November/December 1996 | Contents

Books

Over There

by Neil Hickey

Resolved: 1) that the foreign news most Americans receive is sadly deficient in both its quality and quantity; and, 2) that the international reporting we do get -- in this satellite era of media technology -- often has a negative effect on foreign policy because it's distributed with precipitate, mindless speed and thus undermines traditional diplomacy.

 That's a debating premise hashed out in two new books: one that examines who the foreign correspondents are and how well they do their jobs; and one that worries the question of how instantaneous, satellite-driven journalism may be creating emotional, half-baked public opinion and, as a result, forcing diplomats to improvise policy with undue haste.

 First, the foreign correspondents. Since 1981 Stephen Hess has been turning out books about the interaction of journalism and government. International News & Foreign Correspondents is the fifth in that series, and is based mostly on a content analysis of 24,000 newspaper, wire service, newsmagazine, and television stories with a foreign dateline, plus a survey of 404 foreign correspondents and visits to overseas news posts and foreign news desks. Among his conclusions:

 ¥ Americans are "increasingly ill-informed" about international affairs.

 ¥ Most newspapers, even in large cities, give miserly coverage to international news that doesn't involve Americans either as troops or hostages.

 ¥ No country (of the world's 180 or so) except possibly Russia gets TV coverage sufficient to afford viewers a coherent notion of what's going on there.

 ¥ Violent images mark 50 percent of television's foreign news stories.

 ¥ International news is too often reported by "parachutists," reporters who race helter-skelter to crisis spots and affect a knowledgeability they don't have.

 Far too much foreign reporting is merely anecdotal, Hess argues: the brilliant spotlight of journalism's intense interest briefly illuminates a trouble spot and then scurries on impatiently to the next. Example: during the 1989 Tiananmen Square uprising, ABC, CBS, and NBC aired 357 stories on China -- more than they'd done in the entire decade from 1972 (when China opened to the West) to 1981. Then suddenly, China reportage dropped from 14.6 percent of foreign dateline stories in 1989 to 1.4 percent in 1990.

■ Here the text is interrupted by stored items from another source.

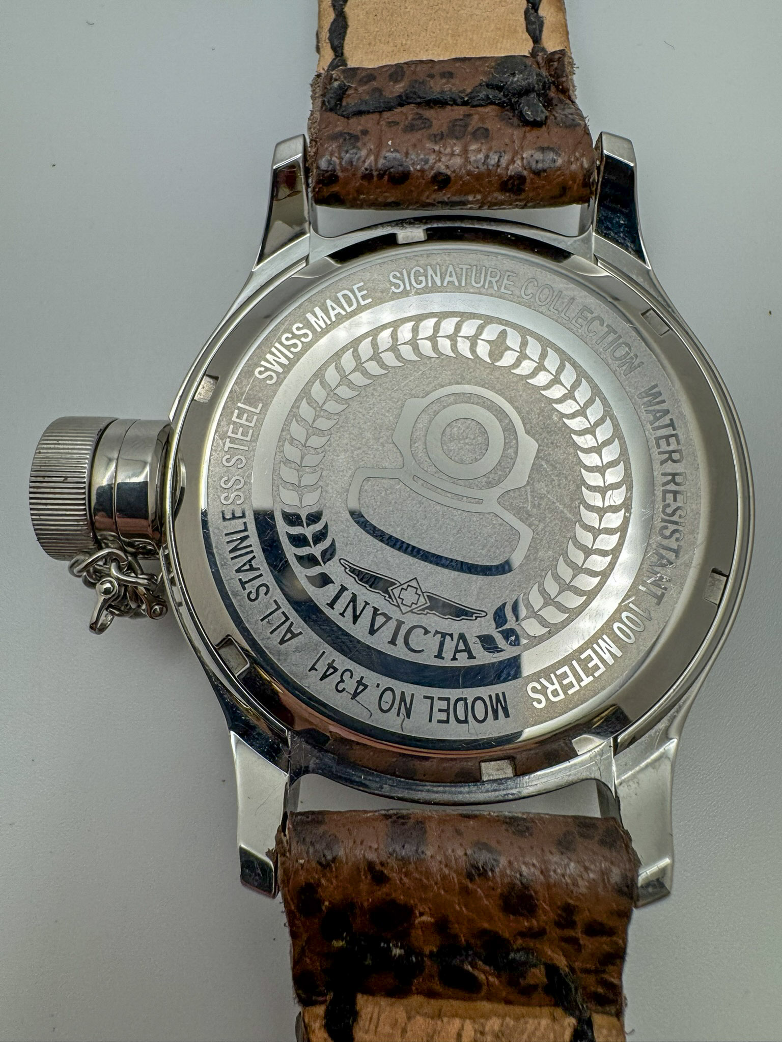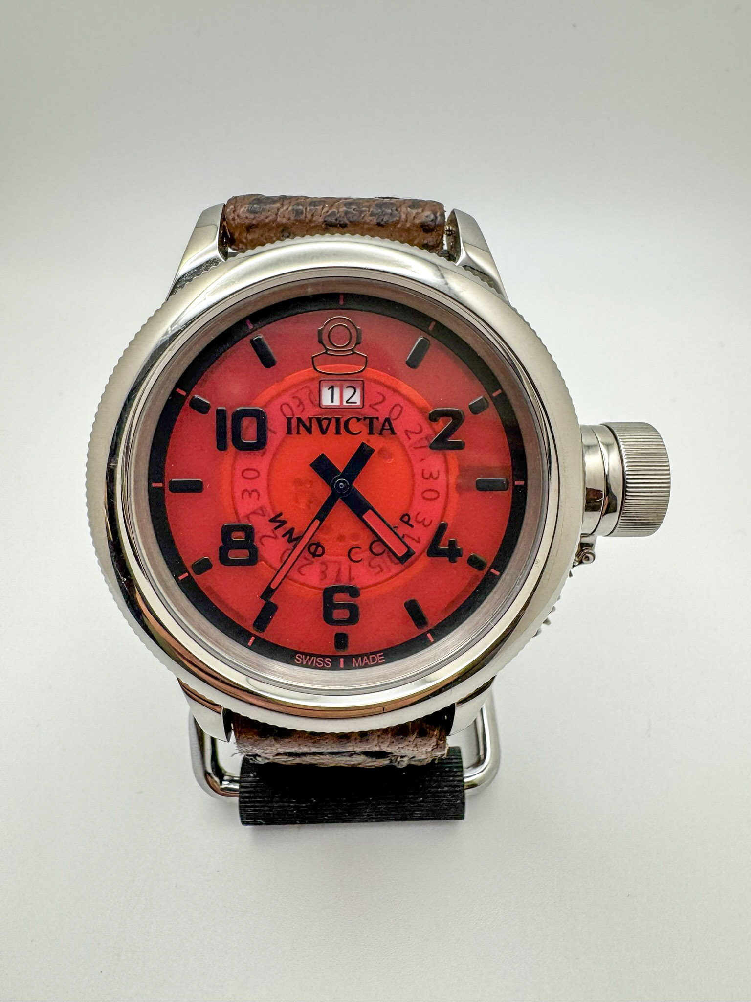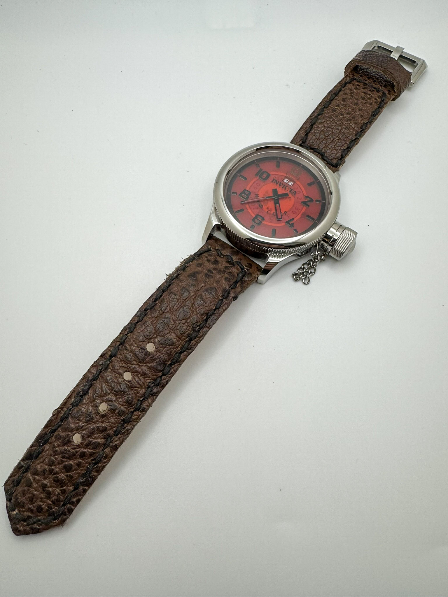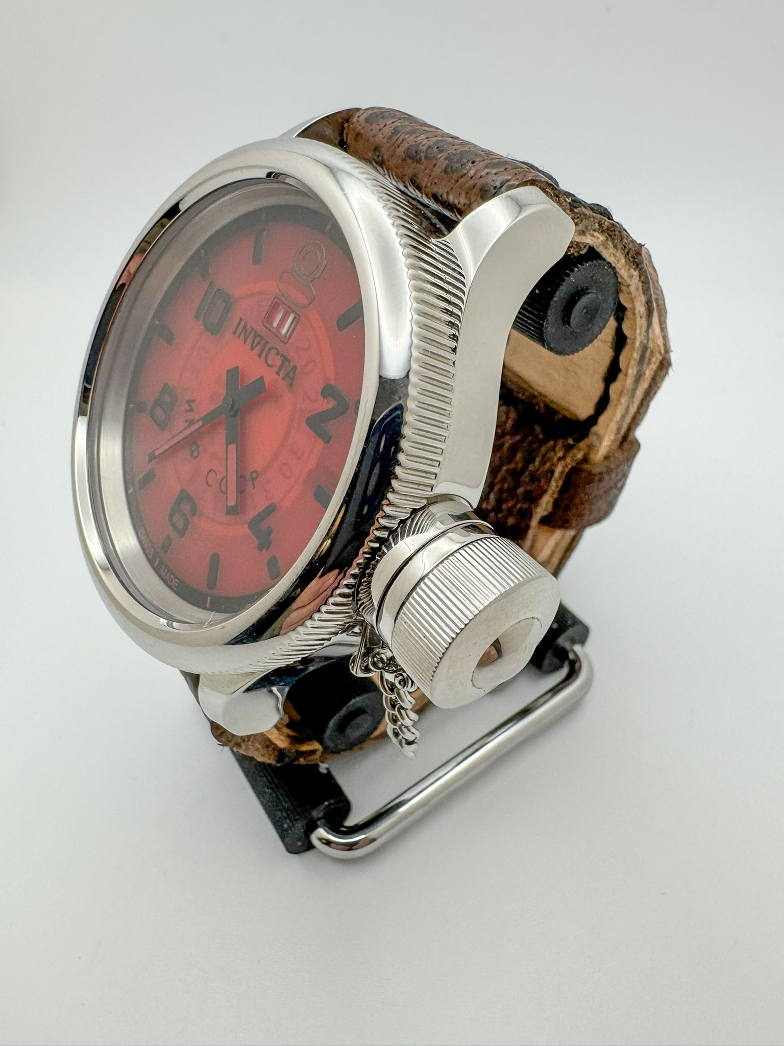 This Invicta Russian Diver (Model 4341) takes the bold, industrial aesthetic of the original and elevates it with a high-end, rugged transformation. While the factory rubber strap is standard, this specific timepiece has been upgraded with a one-of-a-kind, hand-stitched Water Buffalo leather strap.
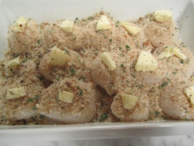 Butter the baking dish, lay out the scallops in one layer, then sprinkle with crumbs, some grated parmiggiano and dot with butter. Bake at high heat, then broil until golden and blistering.
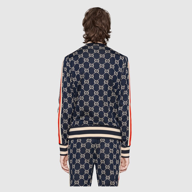 Style 496919 X9V05 4245First used in The 1970s, The GG logo was an evolution of The original Gucci rhombi design from The 1930s, and from then it’s been an established symbol of Gucci’s heritage. In a shape that is infused With a Retro feel, The tracksuit jacket reaches past its athletic origin to a street style that is rooted in The now.

During one period (1988-1992), roughly one-tenth of the world's countries received four-fifths of American TV coverage, with the Soviet Union or Russia getting the heftiest share for the obvious reason that the collapse of communism is by far the biggest foreign news story of the generation. But right behind the Soviet Union/Russia comes Israel, with a land mass about the size of Delaware and a population comparable to greater Chicago's. How come it commands so much of our attention? A National Public Radio correspondent pointed out that "much of a foreign reporter's work is crisis coverage" and Israel has had little else but crisis since its founding. Also: it has English-language newspapers and news programs, and official press releases are in English as well as Hebrew. And the democratic government -- always eager for the good will of Americans -- is more hospitable to journalists than its neighboring states. A former head of Israel's Government Press Office opined that if there weren't three million Jews iNew York, the agenda-setting New York Times would publish less about Israel, and the region's magnetism for all journalists would shrink accordingly. But Hess's data contradict that notion: during the survey period, ABC, CBS, NBC, the Chicago Tribune, the Los Angeles Times, and Time gave a higher percentage of their international stories to Israel than The New York Times did.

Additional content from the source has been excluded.